ENB: No you weren't. I'm a libertarian feminist and I would know better. Sex trafficking isn't a real thing. It's all just sex work. Now shut up and go back to whatever it was you're supposed to be doing.
#MeTooJust to be a bit even handed in my criticism, the girl who was trafficked has moved beyond 'justice' being served against the people who directly trafficked her and is now looking for a payday from the deepest pockets that are tangentially near her sex trafficking.
This is not a company that manages run down roach motels that rent by the hour, and it's incredibly improbable that they actually knew what their guests were getting up to.
Basically everyone involved is a piece of shit in one way or another.
Basically everyone involved is a piece of shit in one way or another.
I certainly don't disagree with everyone is assholes.
That said, ENB does try and slander J.H.'s actions against a judge whose opinion she overtly doesn't like in a situation where, if McD's can be sued for hot coffee...
As indicated above, ENB doesn't want tort reform or equality of the sexes or whatever. She just needs to stir the shit to attract the concern-trolls.
Amusingly, the hotel is possibly the most honest and ethical actor in this situation and they are the specific group the girl is trying to leverage into a settlement payout.
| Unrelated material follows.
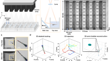 The system loads fixed or anaesthetized larvae from multiwell plates or reservoirs and positions them inside an ultrathin borosilicate glass capillary tube located under the field-of-view of a microscope through the use of a computerized syringe pump9,10 (Fig. 1b). We have previously demonstrated ultrathin borosilicate glass to be an excellent capillary material due to its low autofluorescence and optical distortion9. A three-axis linear stage positions the loading nozzle and the computerized syringe pump aspirates the larvae into a flexible tube connected to the glass capillary. The larvae are automatically detected and positioned under the field-of-view as previously described9,10. The capillary is held by two stepper motors with hollow shafts that rotate it around its longitudinal axis. The capillary is immersed in water for refractive index matching between the inside and outside of the tube. The stepper motors rotate the capillary at a predefined speed while a high-speed camera acquires images at multiple angles. The rotation speed and timestamps assigned to each image frame are used to precisely calculate the angle of rotation of capillary at each frame.

Bad things happen to people, but that doesn't justify massive payouts from groups that had no direct connection to the bad things that happened. In that, at least, I could agree with ENB if indeed she is attempting to make such a claim.
Pretending that there are no circumstances where the hotel would be liable is what chaps my ass since that is obviously untrue by my previous example. ENB is incapable of nuance, essentially.
Oh, *clears throat* where my BlueSky tweets at?
ENB should offer hourly AirBnB rentals.
Do you know she doesn't?
Good point.
AirEnB?
Nice. And it wouldn’t shock me if there is ever a news report that ENB got busted for running a prostitution ring involving underage illegals.
"Hotel Sex Trafficking Suit Can Proceed, Inviting Hotels to Profile and Harass Guests."
Next up: Holes in the rooms so hotel managers can make sure you're in the missionary position while having sex with your partner.
Otherwise, the sex police will be breaking down the door for improper use of your partner's "holy of holies."
About the implications for hotel staff, is anyone else here reminded of Don Adams on Bill Dana's show?
Yes. They need to establish that the "entity 'knowingly benefits' or 'attempts or conspires to benefit' from 'participation in a venture' engaged in sex trafficking.